The drunk liked that so he laid it on thick. “For once, buddy boy, I didn’t have to lift a finger. Amir can’t get in the country anyway. They don’t think he’s desirable. So I didn’t have to do a thing.”

“Fine friends you got, big shot.”

“Friends! I’ll kill that bastard next time I see him! Five years in Cairo I show that bastard the ropes, introduce him to all the right elements, and then, so help me—”

“I know. He dumped you.”

“Wanna know what that bastard is doing? He—”

“Never mind, big shot.”

“He sells dope. I show him how. I show him the ropes and then he don’t trust me—me, his buddy—and gives me the boot.”

“Nice guy, big shot. He coulda just set you up for a hit. Save himself a trip back to Italy.”

The drunk got sly then and looked around like in a melodrama. “Not to me he wouldn’t do that, tourist buddy. I got powerful friends!”

“And they wouldn’t want you any deader.”

“That’s right, buddy, and Amir knows it. All the time I kept telling Amir don’t bend a hair on my head, Amir buddy, I got powerful friends here—”

“Okay, that’s enough.”

Charley pushed the bottle over, which interrupted the drunk. Number one was fine. Question number one was out of the way. Delmont had been in Cairo, maybe five years, and he wasn’t likely to run into that crowd over here. And when he came back he didn’t go through Customs.

“Number two,” said Charley.

“Two what, buddy boy?”

“Who’s Bantam?”

The drunk looked at the wall between here and the next room. There was mumbling and the sound of a bed.

“Rabbits,” said the drunk.

“Who’s Bantam?”

The drunk made a disgusted face. “Like I was telling you, buddy boy, he’s my powerful friend. He’s in business here, and what he says goes. He says no to Amir and Amir don’t operate. That’s who Bantam is, and he’s a buddy of mine.”

That’s who Bantam was, only the drunk had it backwards. Bantam was from the States and all he was doing was keeping up the contacts. He got paid from the States, he did what his bosses told him to do, and he was middle man for some of the syndicate’s business that went through Italy and maybe the Near East. If Amir was anything to Bantam, he was one of his suppliers. In that circle Bantam was small potatoes. To Charley he wasn’t. To Charley he was a man who knew Delmont.

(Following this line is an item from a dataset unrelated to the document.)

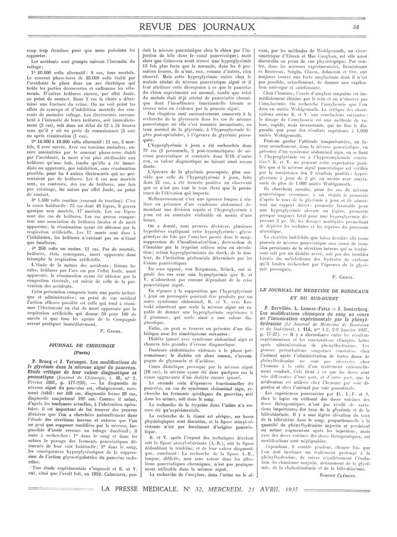 1937, Revue des journaux. -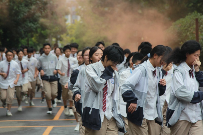 随着急促的警报声在校园上空响起,演练正式拉开帷幕。全体教师迅速到达指定岗位,沉着冷静地指挥学生疏散。同学们在老师的引导下,反应迅速,行动快捷,按照预定的疏散路线,弯腰低身、用捂住口鼻,快速而有序地从各教学楼向学校操场的安全地带撤离。整个疏散过程紧张而不慌乱,快速而有序,短短几分钟内,全校师生全部安全疏散完毕,做到了高效、有序、零意外。

“He’d give you his right arm, eh, big shot?”

“Sure. Haven’t seen old Bantam in maybe ten years, but we’re buddies. Always been.”

“Sure. You set him up in business.”

“That’s right, tourist buddy, that’s how it was. One day I meet Bantam—in Milano, I think—and being a countryman I take him in hand. He just got here. Green, I tell you, real green.”

“So you set him up.”

“Fixed him up. I show him this house where they got nothing but the best. High class from all over the world. You don’t just walk in there, buddy boy, and say ‘how about a jump?’ You gotta be introduced!”

“You introduce him.”

“Yeah. I show him the house. We been buddies ever since.”

“You get your cut, buddy?”

“Cut? This was friendship, you bastard. Like the other time. The other time—in Genoa, I think—I see him in that cafe there just by chance. I walk up to Bantam and say, ‘How’d you like some more of the same? Right here in Genoa?’ I don’t wait for an answer but run right over where I know this chick—I mean nice all around—and take her back to the cafe.”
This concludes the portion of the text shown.